Я оставляю ключи в замке зажигания, подхватываю Фросю и вхожу в бар при станции.
- Салют! - улыбается мне Рея, увидев меня в дверях. - Все о'кей?
- О'кей! А у тебя?
- Тоже. Как всегда? - она берет высокий стакан.
- Конечно. И себе.
- Спасибо. Будешь звонить Эдварду?
- Обязательно, - я протягиваю ей плату за телефонный разговор, а Рея ставит передо мной аппарат и наполняет высокие стаканы моим любимым напитком - ананасовым соком, смешанным с молоком кокосового ореха.
Я набираю стокгольмский номер фирмы «Белитроник».
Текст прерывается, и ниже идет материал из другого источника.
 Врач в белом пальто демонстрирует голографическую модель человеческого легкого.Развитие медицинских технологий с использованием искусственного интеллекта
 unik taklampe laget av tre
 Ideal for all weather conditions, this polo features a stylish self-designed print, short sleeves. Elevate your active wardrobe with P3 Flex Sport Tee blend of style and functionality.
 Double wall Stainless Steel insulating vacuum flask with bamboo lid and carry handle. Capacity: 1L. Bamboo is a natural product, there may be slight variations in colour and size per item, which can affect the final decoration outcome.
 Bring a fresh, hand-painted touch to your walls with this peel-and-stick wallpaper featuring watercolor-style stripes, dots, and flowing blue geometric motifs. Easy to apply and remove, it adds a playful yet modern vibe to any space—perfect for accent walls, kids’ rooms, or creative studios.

- Алло? Инженер Ларссон слушает.
- Здравствуйте, господин Ларссон, - по-русски говорю я, и Рея, как всегда, с напряженной улыбкой вслушивается в незнакомую речь. - С вами говорит министр рыбной промышленности Советского Союза товарищ Тютькин.
- Здравствуйте, товарищ Тютькин, - по-русски отвечает мне Эдик. - Мне очень приятно слышать ваш голос. Что вы хотели?
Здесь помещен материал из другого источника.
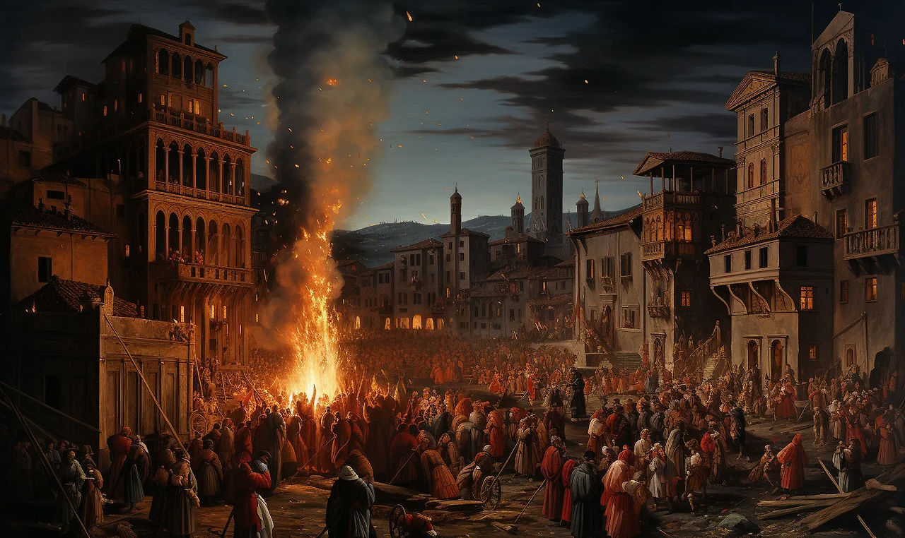그리고 1497년 2월 7일, 역사에 길이 남을 사건이 피렌체 시뇨리아 광장에서 벌어졌습니다. 바로 '허영의 화형 (Bonfire of the vanities)'입니다.
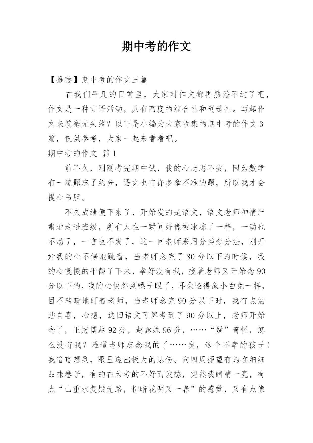 期中考的作文【推荐】期中考的作文三篇在我们平凡的日常里,大家对作文都再熟悉不过了吧,作文是一种言语活动,具有高度的综合性和创造性。写起作文来就毫无头绪?以下是小编为大家收集的期中考的作文3篇,仅供参考,大家一起来看看吧。期中考的作文篇1前不久,刚刚考完期中试,我的心忐忑不安,因为数学有一道题忘了约分,语文也有许多拿不准的题,所以我才会提心吊胆。不久成绩便下来了,开始发的是语文,语文老师神情严肃地走进班级,所有人在一瞬间好像被冰冻了一样,一动也不动了,一言也不发了,这一回老师采用分类念分法,刚开始我的心不停
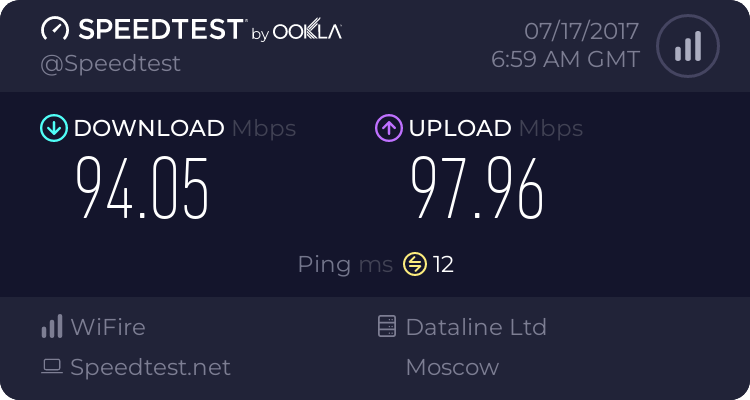 На спид тесте с wifi скорость 60 mb, а с проводом 96mb.(Оно и понятно провод быстрее)
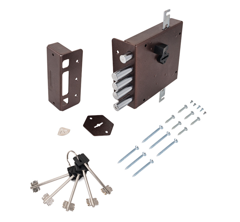 Замок имеет возможность подключения тяг и рекомендуется для установки в металлические двери подъездов, гаражей, ангаров и других помещений.
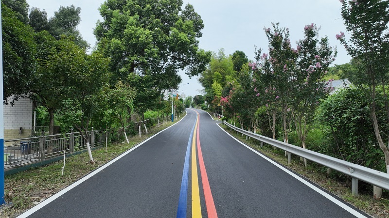 “其实,道路最初设计的颜色就是黑与白。为更好起到旅游带动作用,我们在部分路段试刷了彩色路,没想到被频频点赞,所以就有了这条‘彩虹路’。”湘阴县交通运输局负责人介绍,“天鹅山旅游公路”并不只是在道路中间简简单单画上彩虹分隔线,而是一条生态、文化、旅游、富民的相融之路。

- Мы хотели бы заказать вашей фирме специальные программные манипуляторы для отлова осетров в домашних условиях.
- Прекрасно! Мы принимаем ваш заказ, товарищ Тютькин.
- В какой валюте вы хотели бы получить гонорар, господин Ларссон? Кроны? Доллары? Рубли?
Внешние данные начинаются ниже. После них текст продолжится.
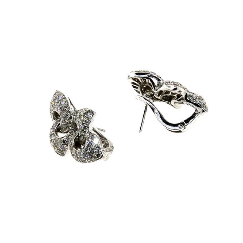 18kt white gold pave diamond leaf earrings total 2.29 ctw. Their interlocking design makes the diamonds shine, as you can see them from every angle.
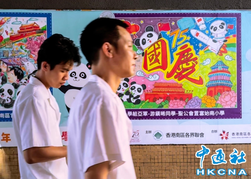 •   國慶節臨近,香港南區街頭迎國慶氛圍濃厚。圖為香港仔一天橋下展示去年小學生創作的慶祝國慶壁畫。香港中通社記者 徐文峰攝) 香港中通社圖片
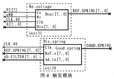 单片机先向FPGA模块写入设置的触发电压,FPGA内部相比较后,当采样值大于该触发电压时,则产生一次触发。图4为触发模块。
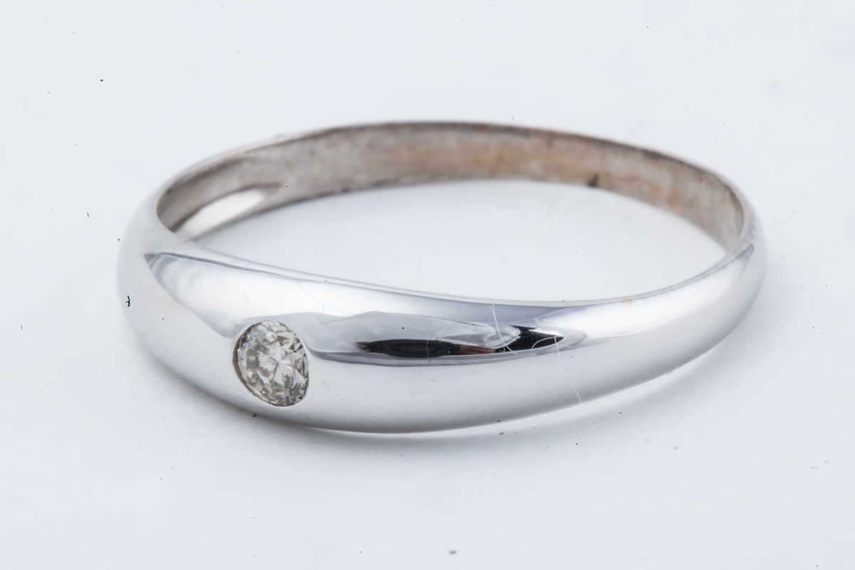 BAGUE jonc en or gris sertie d'un petit brillant.
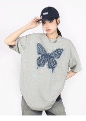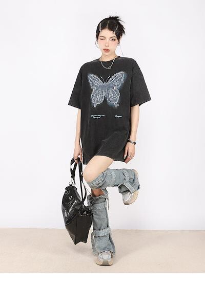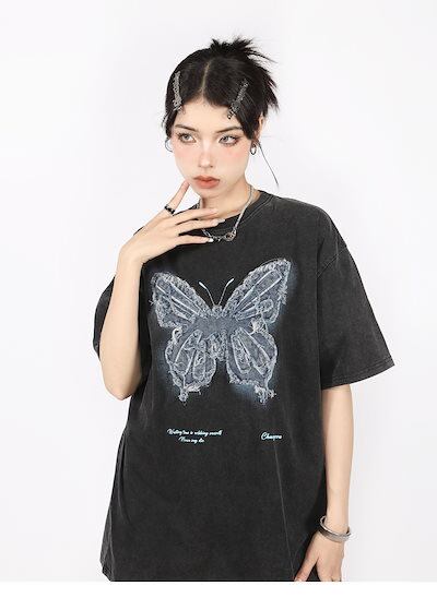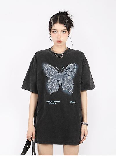 2024 夏 韓国 甘いトップス Tシャツ ファッション 半袖 スリムフィット サイド ペイントシルエット ゆったりコーデ 休日レディースサイズ韓国ネック丈 おしゃれ カジュアル メンズライク T
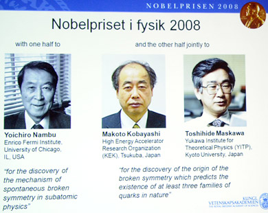 وجاء في بيان للجنة نوبل للفيزياء بالأكاديمية السويدية أن العالمين اليابانيين فازا بالجائزة لاكتشافهما "أصل الكسر التلقائي للتناسق الذي يفترض وجود ثلاث مجموعات على الأقل من جزئيات أساسية مشحونة في الطبيعة".
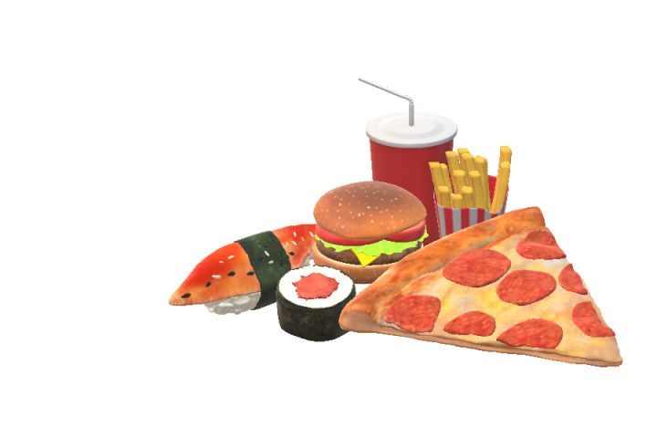 3D модель: пицца ,ролл, бургер, суши, картофель фри, напиток.
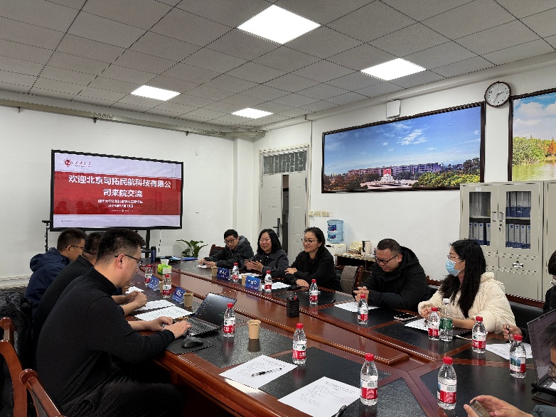 北京司拓民航科技总经理魏海洋、副总经理王宇、项目经理徐皓原,我院院长牛宪华、副院长曾晟珂及双方各科研团队负责人齐聚现场,会议由曾晟珂主持。

- Видите ли, товарищ Тютькин, к сожалению, шведские кроны и американские доллары перманентно колеблются на мировом валютном рынке. Русские же рубли твердо и незыблемо сохраняют свой постоянный курс. Поэтому я выбираю рубли, товарищ Тютькин. Вас это устроит?
- Меня бы устроило, чтобы ты сегодня пораньше вернулся домой, черт побери! В гараже опять не горит свет, и я себе физиономию чуть не расквасила, когда спустилась туда за машиной!..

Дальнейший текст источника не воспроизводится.